= ACTIVITY =
All of the data must be written out verbatim, with pictures excluded.
▼
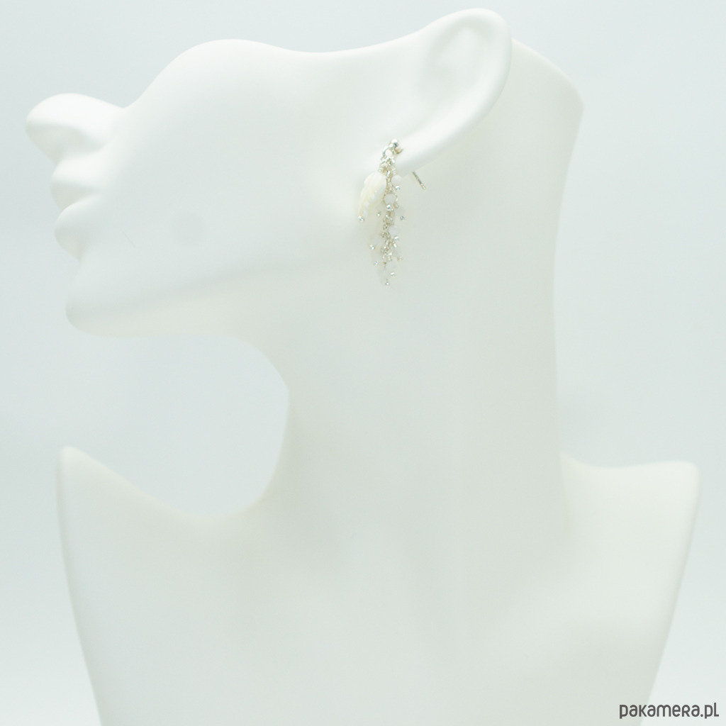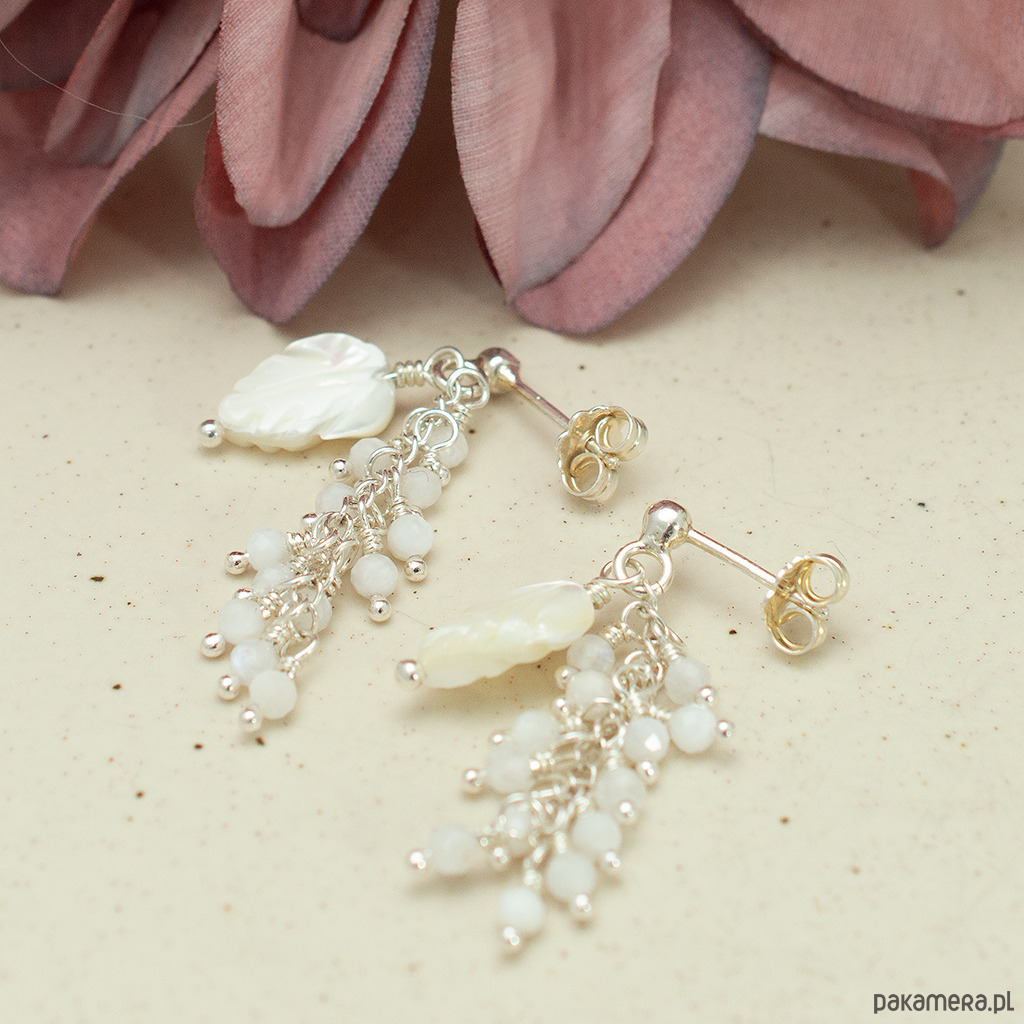 Eleganckie, drobne kolczyki gronka wykonane ze srebra próby 925, z naturalnym kamieniem księżycowym w kolorze białym i listkami z masy perłowej. Subtelna biżuteria dla osób lubiących ponadczasowe, klasyczne wzornictwo. Lekkie, idealne do noszenia na co dzień. Wygodne bigle - sztyfty dobrze trzymają się na uszach. Polecam.
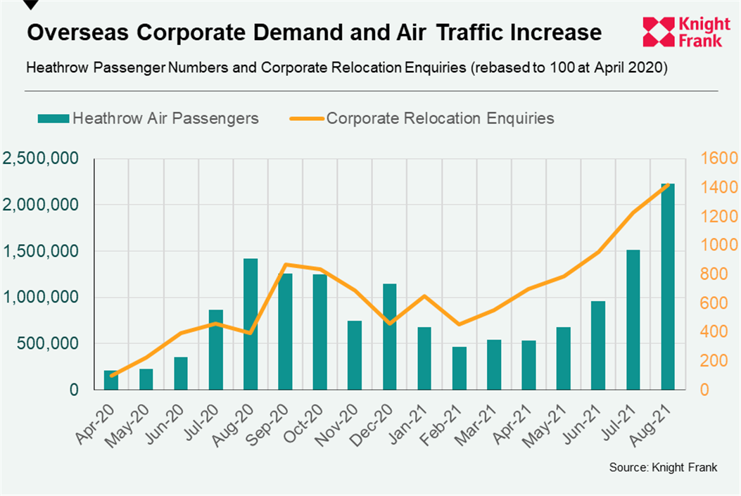 The first shows how corporate relocation enquiries and Heathrow passenger numbers have tracked each other through the pandemic. The enquiries come from companies of all sizes looking to relocate staff to the UK across a range of sectors including finance, tech and energy.
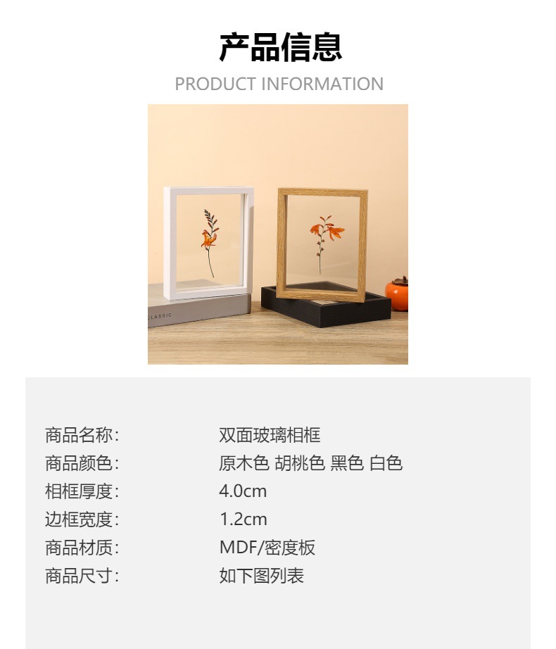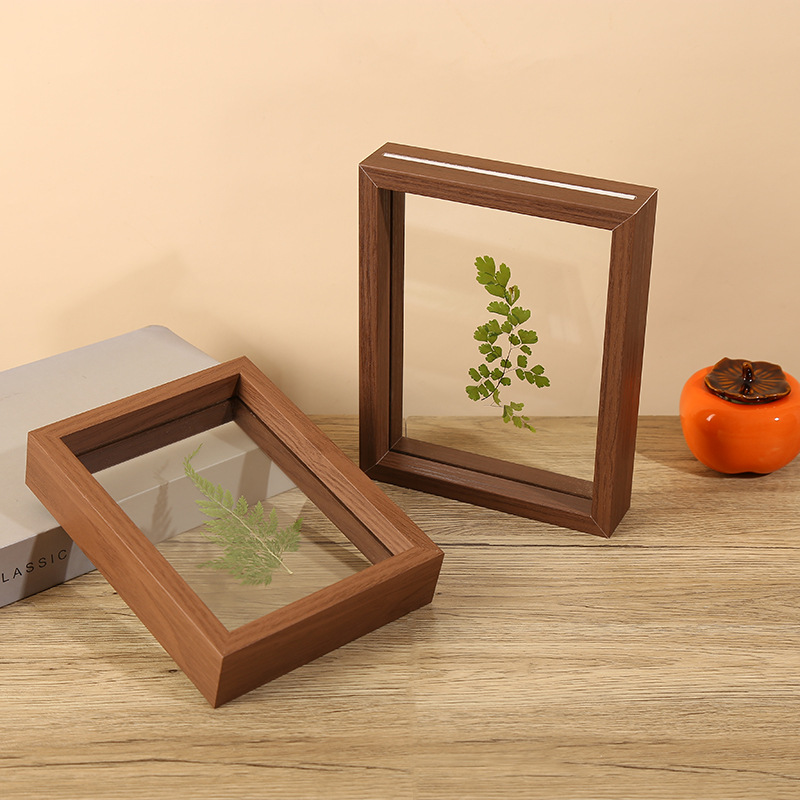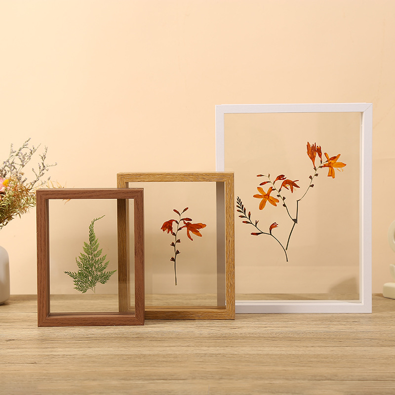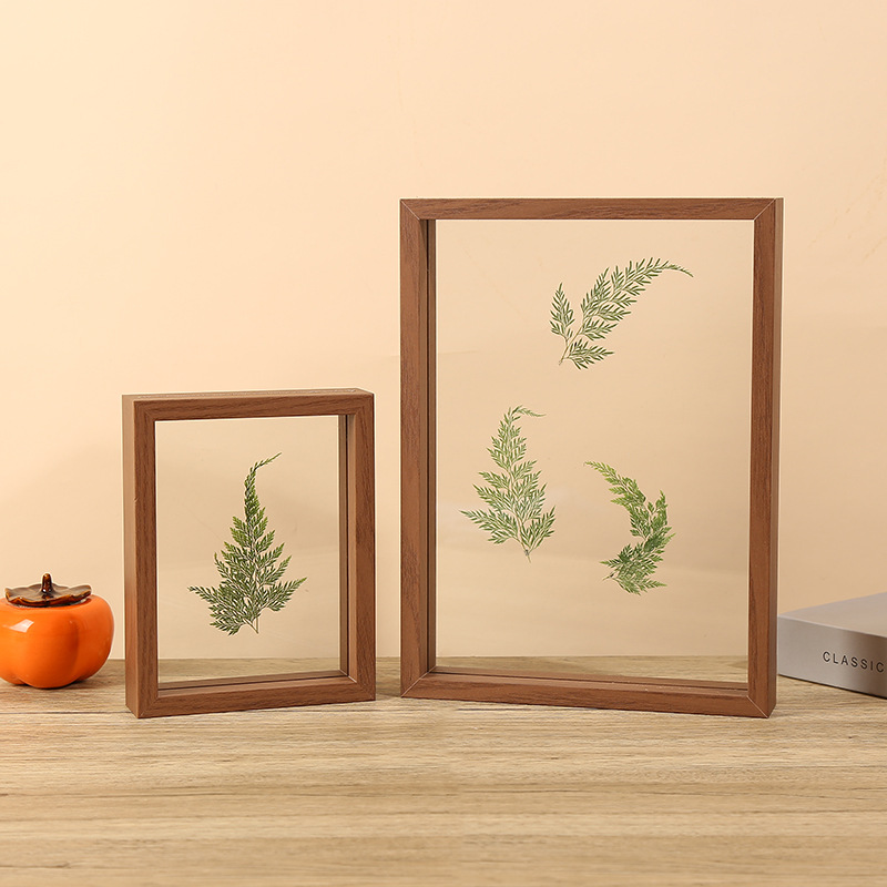 나무 양면 유리 사진 프레임 도매 창조적 인 diy 식물 잎 표본 프레임 투명 말린 꽃 사진 프레임 테이블스토어 가기
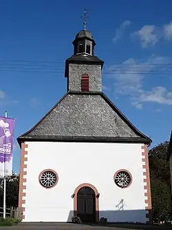 Die weiß verputzte Kirche auf rechteckigem Grundriss hat einen dreiseitigen Chorabschluss und ein hohes verschiefertes Satteldach, das an jeder Seite mit drei Gauben besetzt ist.[1] Ein rundbogiges Westportal aus wiederverwendetem Lungstein aus romanischer Zeit[12] erschließt das Gebäude, hohe rundbogige Fenster an drei Seiten belichten es. An der Westseite flankieren zwei Rundfenster das Portal. Der zweigeschossige Dachreiter schließt bündig mit dem Westgiebel ab.[13] Er entwickelt sich aus einem kubusförmigen Glockengeschoss. Ein geschweiftes Pultdach leitet zum kleinen oktogonalen Obergeschoss mit welscher Haube über, die von Knauf, schmiedeeisernem Kreuz und Wetterfahne mit der Inschrift „D. H. 1754“ bekrönt wird.[14]
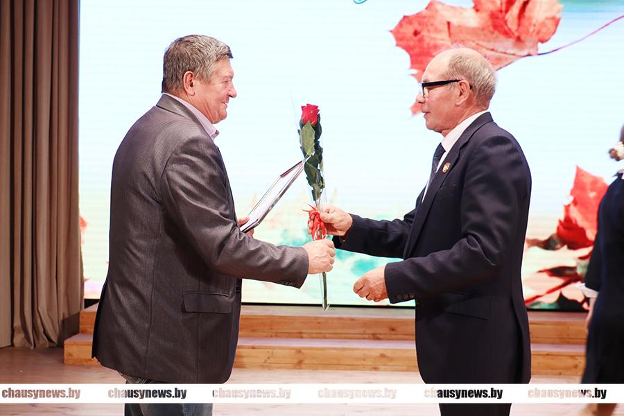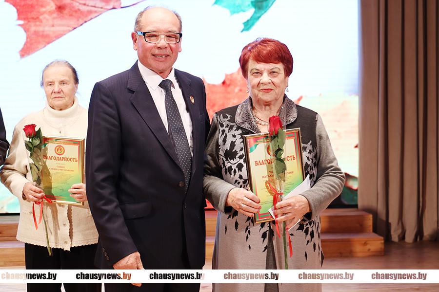 Председатель районного Совета ветеранов Анатолий Наумович Винкевич. Благодарность Чаусского районного Совета ветеранов объявлена: Тамаре Григорьевне Сабко, председателю первичной ветеранской организации Чаусской районной больницы; Анатолию Дмитриевичу Титову, председателю первичной ветеранской организации «Ветераны спорта»; Наталье Михайловне Удодовой, председателю ревизионной комиссии районного Совета ветеранов.
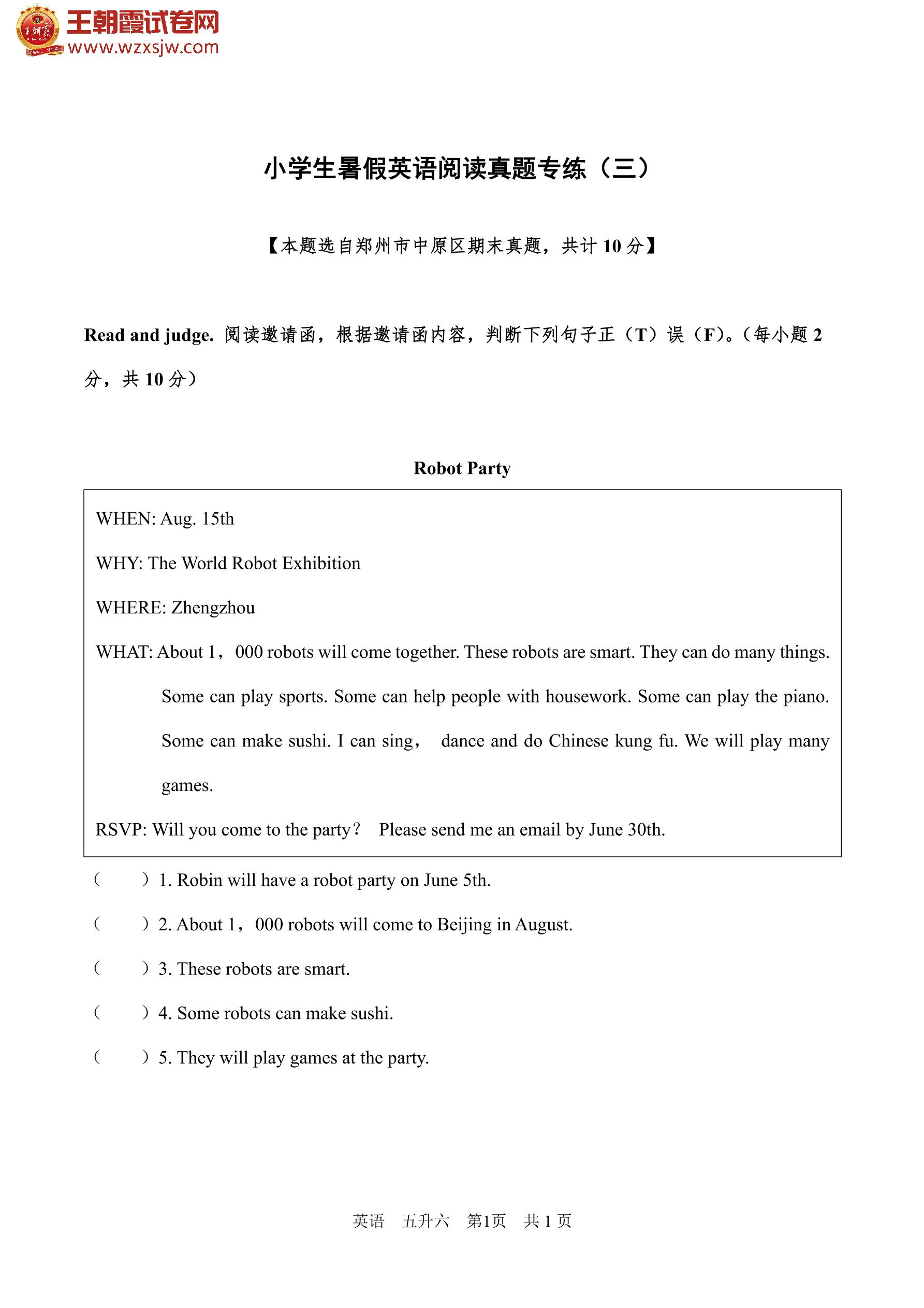 【五升六】小学生暑假英语阅读真题专练(三)
▲
= EXERCISE RESULT =
 Eleganckie, drobne kolczyki gronka wykonane ze srebra próby 925, z naturalnym kamieniem księżycowym w kolorze białym i listkami z masy perłowej. Subtelna biżuteria dla osób lubiących ponadczasowe, klasyczne wzornictwo. Lekkie, idealne do noszenia na co dzień. Wygodne bigle - sztyfty dobrze trzymają się na uszach. Polecam.
 The first shows how corporate relocation enquiries and Heathrow passenger numbers have tracked each other through the pandemic. The enquiries come from companies of all sizes looking to relocate staff to the UK across a range of sectors including finance, tech and energy.
 나무 양면 유리 사진 프레임 도매 창조적 인 diy 식물 잎 표본 프레임 투명 말린 꽃 사진 프레임 테이블스토어 가기
 Die weiß verputzte Kirche auf rechteckigem Grundriss hat einen dreiseitigen Chorabschluss und ein hohes verschiefertes Satteldach, das an jeder Seite mit drei Gauben besetzt ist.[1] Ein rundbogiges Westportal aus wiederverwendetem Lungstein aus romanischer Zeit[12] erschließt das Gebäude, hohe rundbogige Fenster an drei Seiten belichten es. An der Westseite flankieren zwei Rundfenster das Portal. Der zweigeschossige Dachreiter schließt bündig mit dem Westgiebel ab.[13] Er entwickelt sich aus einem kubusförmigen Glockengeschoss. Ein geschweiftes Pultdach leitet zum kleinen oktogonalen Obergeschoss mit welscher Haube über, die von Knauf, schmiedeeisernem Kreuz und Wetterfahne mit der Inschrift „D. H. 1754“ bekrönt wird.[14]
 Председатель районного Совета ветеранов Анатолий Наумович Винкевич. Благодарность Чаусского районного Совета ветеранов объявлена: Тамаре Григорьевне Сабко, председателю первичной ветеранской организации Чаусской районной больницы; Анатолию Дмитриевичу Титову, председателю первичной ветеранской организации «Ветераны спорта»; Наталье Михайловне Удодовой, председателю ревизионной комиссии районного Совета ветеранов.
 【五升六】小学生暑假英语阅读真题专练(三)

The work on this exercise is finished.